What you have to do :: A verbatim reproduction of the lines below, from the line containing "وكتب النادي الأهلي" through the line containing "Our banked DNA", both ends included, is the whole required output.

# # #

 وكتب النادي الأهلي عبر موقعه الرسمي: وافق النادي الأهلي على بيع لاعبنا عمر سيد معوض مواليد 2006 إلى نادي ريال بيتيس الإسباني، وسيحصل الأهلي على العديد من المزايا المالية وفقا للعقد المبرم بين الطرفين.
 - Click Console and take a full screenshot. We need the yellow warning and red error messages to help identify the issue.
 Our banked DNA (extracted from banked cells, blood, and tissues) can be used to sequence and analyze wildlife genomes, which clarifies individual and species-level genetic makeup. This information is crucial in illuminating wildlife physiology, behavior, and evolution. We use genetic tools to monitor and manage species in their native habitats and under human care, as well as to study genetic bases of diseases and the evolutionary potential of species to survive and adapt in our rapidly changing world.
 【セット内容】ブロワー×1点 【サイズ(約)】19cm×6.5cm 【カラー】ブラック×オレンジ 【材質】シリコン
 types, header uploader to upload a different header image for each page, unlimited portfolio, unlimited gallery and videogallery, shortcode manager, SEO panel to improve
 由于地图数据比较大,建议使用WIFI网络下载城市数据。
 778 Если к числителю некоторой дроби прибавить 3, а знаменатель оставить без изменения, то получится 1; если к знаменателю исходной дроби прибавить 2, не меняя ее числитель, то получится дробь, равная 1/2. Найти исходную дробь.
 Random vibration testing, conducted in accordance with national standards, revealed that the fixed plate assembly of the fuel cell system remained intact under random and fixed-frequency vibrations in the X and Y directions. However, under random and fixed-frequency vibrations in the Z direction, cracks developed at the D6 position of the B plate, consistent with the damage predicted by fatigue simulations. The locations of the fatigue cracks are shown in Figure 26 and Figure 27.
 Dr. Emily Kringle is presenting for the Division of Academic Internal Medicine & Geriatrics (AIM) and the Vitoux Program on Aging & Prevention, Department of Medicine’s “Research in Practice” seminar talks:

# # #

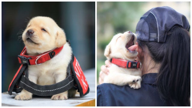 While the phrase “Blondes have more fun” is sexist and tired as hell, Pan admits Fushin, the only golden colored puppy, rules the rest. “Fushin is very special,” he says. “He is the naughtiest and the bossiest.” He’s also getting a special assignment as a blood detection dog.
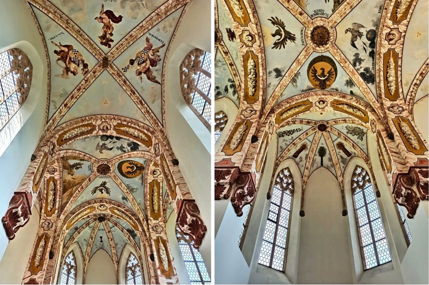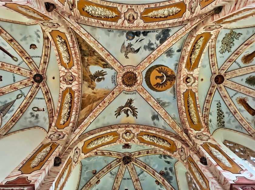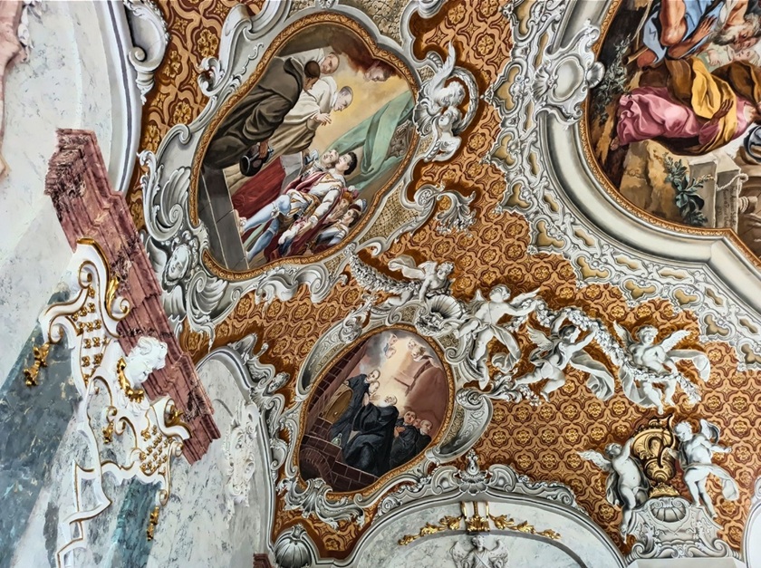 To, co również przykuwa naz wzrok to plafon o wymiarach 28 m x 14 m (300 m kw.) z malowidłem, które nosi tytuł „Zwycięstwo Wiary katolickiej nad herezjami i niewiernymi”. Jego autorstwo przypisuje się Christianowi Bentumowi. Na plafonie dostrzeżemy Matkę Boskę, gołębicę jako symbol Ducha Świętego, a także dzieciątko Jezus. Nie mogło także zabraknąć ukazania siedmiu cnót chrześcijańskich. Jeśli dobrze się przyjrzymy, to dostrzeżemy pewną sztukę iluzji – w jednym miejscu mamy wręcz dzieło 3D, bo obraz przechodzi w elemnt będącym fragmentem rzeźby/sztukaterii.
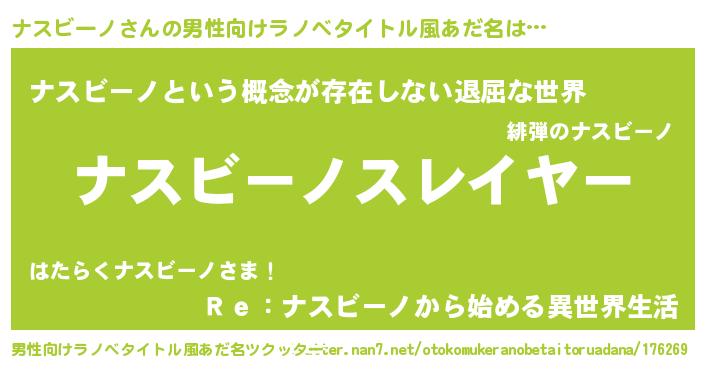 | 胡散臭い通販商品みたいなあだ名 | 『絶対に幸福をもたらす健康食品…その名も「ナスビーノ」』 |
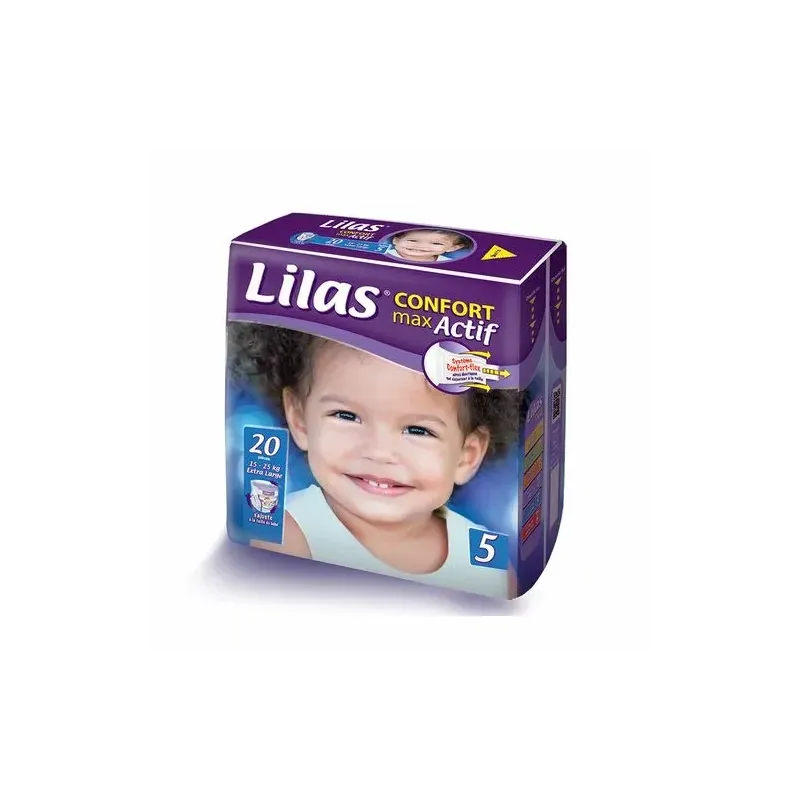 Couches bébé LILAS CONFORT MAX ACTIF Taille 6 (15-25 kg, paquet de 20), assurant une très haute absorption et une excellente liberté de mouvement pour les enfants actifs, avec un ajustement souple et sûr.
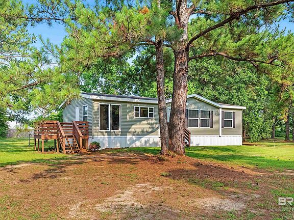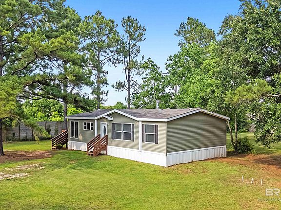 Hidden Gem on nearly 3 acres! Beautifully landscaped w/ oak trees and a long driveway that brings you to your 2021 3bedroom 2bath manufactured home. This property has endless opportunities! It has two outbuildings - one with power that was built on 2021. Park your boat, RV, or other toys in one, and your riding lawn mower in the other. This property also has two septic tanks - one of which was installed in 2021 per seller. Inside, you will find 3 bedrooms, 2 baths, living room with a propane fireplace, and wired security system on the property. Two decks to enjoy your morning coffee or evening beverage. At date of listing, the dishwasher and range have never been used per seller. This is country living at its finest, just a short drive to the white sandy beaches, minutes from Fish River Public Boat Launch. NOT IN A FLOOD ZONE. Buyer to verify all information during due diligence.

# # #

Solution ::
 وكتب النادي الأهلي عبر موقعه الرسمي: وافق النادي الأهلي على بيع لاعبنا عمر سيد معوض مواليد 2006 إلى نادي ريال بيتيس الإسباني، وسيحصل الأهلي على العديد من المزايا المالية وفقا للعقد المبرم بين الطرفين.
 - Click Console and take a full screenshot. We need the yellow warning and red error messages to help identify the issue.
 Our banked DNA (extracted from banked cells, blood, and tissues) can be used to sequence and analyze wildlife genomes, which clarifies individual and species-level genetic makeup. This information is crucial in illuminating wildlife physiology, behavior, and evolution. We use genetic tools to monitor and manage species in their native habitats and under human care, as well as to study genetic bases of diseases and the evolutionary potential of species to survive and adapt in our rapidly changing world.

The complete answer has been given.